Je pense que les universités, en France et ailleurs, disposent de laboratoires qui ne sont pas inféodés à l'industrie chimique. Tout au moins, j'ose l'espérer. Au-delà, le CRIIGEN prône la mise en place d'une Haute autorité d'expertise, ce qui permettrait de gérer correctement ces problématiques. Cette Haute autorité d'expertise pourrait être composée de députés des différents groupes parlementaires, de personnes responsables des missions d'expertise collective, des grands organismes de recherche nationaux, d'un représentant des organismes participant à l'évaluation des risques pour la santé et l'environnement et aussi de personnalités réputées pour leurs travaux de recherche dans le domaine de l'expertise, à savoir des personnalités qualifiées en droit du travail, de l'environnement et de la santé publique, des représentants des associations concernées par l'éthique et l'expertise et des représentants de chaque grande Union (Union des médecins, etc.). Les députés pourraient être nommés par l'Office parlementaire d'évaluation des choix scientifiques et technologiques, par exemple.

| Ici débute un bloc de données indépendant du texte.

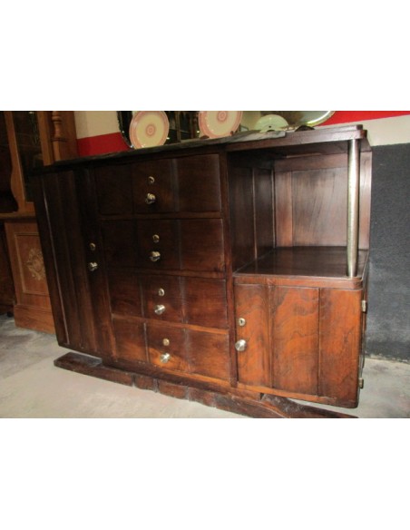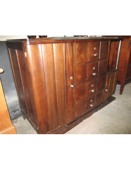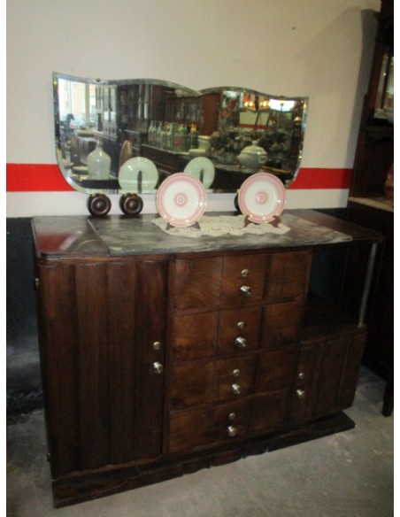 Aparador "art decó" en madera de castaño con espejo, restaurado y apto para colocar y utilizar.
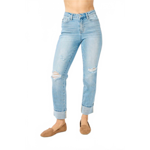 [US] Judy Blue mid rise americana star pocket cuffed boyfriend jeans in Blue

Une telle instance ouvrirait la possibilité d'entamer un véritable dialogue, en toute transparence, parce qu'il importe que les études qui ont permis la mise sur le marché des produits soient portées à la connaissance des scientifiques. Actuellement, ils n'y ont pas accès. Cette obscurité est tout à fait délétère à l'initiation de dialogues et chacun campe sur ses positions. À titre d'exemple, près de deux cents publications démontrent la toxicité des herbicides à base de glyphosate pour l'environnement et pour autant, leur utilisation est encore autorisée.
Un autre exemple concerne les néonicotinoïdes. Ils ont été interdits, puis de nouveau autorisés pour la betterave. La porte est donc ouverte pour l'élargissement de cette autorisation pour d'autres cultures. Les néonicotinoïdes sont des perturbateurs endocriniens et l'imidaclopride, notamment, perturbe les trophoblastes. Qu'est qu'un trophoblaste ? La rencontre d'un ovule et d'un spermatozoïde produit un œuf et cet œuf s'entoure de cellules trophoblastiques qui vont lui permettre momentanément de se nourrir et d'aller ensuite s'implanter dans l'utérus ; c'est ce qu'on appelle la placentation. Nous savons désormais que des perturbateurs endocriniens perturbent la placentation et c'est ainsi que nous constatons une augmentation du nombre des fausses couches, notamment, chez les humains.
Il importe donc de disposer d'une vision globale et non partisane si nous voulons enfin régler ces problématiques. Mon exposé n'est pas du vent. Le constat de l'augmentation de ces pathologies environnementales est-il tolérable ? Non, ce n'est pas tolérable. Sur ce point, notre société disjoncte. De quoi mourait-on avant Pasteur, avant Fleming et avant la découverte des antibiotiques notamment ? Les populations mouraient de malnutrition, mais également de manque d'antibiotiques, d'anti-infectieux, d'hygiène et bien sûr, de toutes les problématiques chirurgicales et liées au diagnostic des pathologies. Nous avons dépassé ce stade, mais nous constatons, depuis soixante-dix ans, l'émergence de pathologies qui ne peuvent être dues qu'aux produits chimiques toxiques, certes dans un cadre plurifactoriel, mais cette augmentation est manifeste.
Nos centenaires sont nés dans l'entre-deux-guerres. À cette époque, je peux vous assurer qu'aucun des xénobiotiques que je vous ai montrés précédemment n'était présent dans le ventre des femmes en gestation. L'impact de ces produits chimiques toxiques pendant la grossesse et aussi pendant l'allaitement commence à être colossal sur la survenue de pathologies. Sans être un oiseau de mauvais augure, j'affirme qu'au fil du temps, ces pathologies vont entraîner des décès et des pathologies lourdes. C'est déjà le cas, mais dans cinquante ans, on ne vivra pas aussi facilement jusqu'à 100 ans.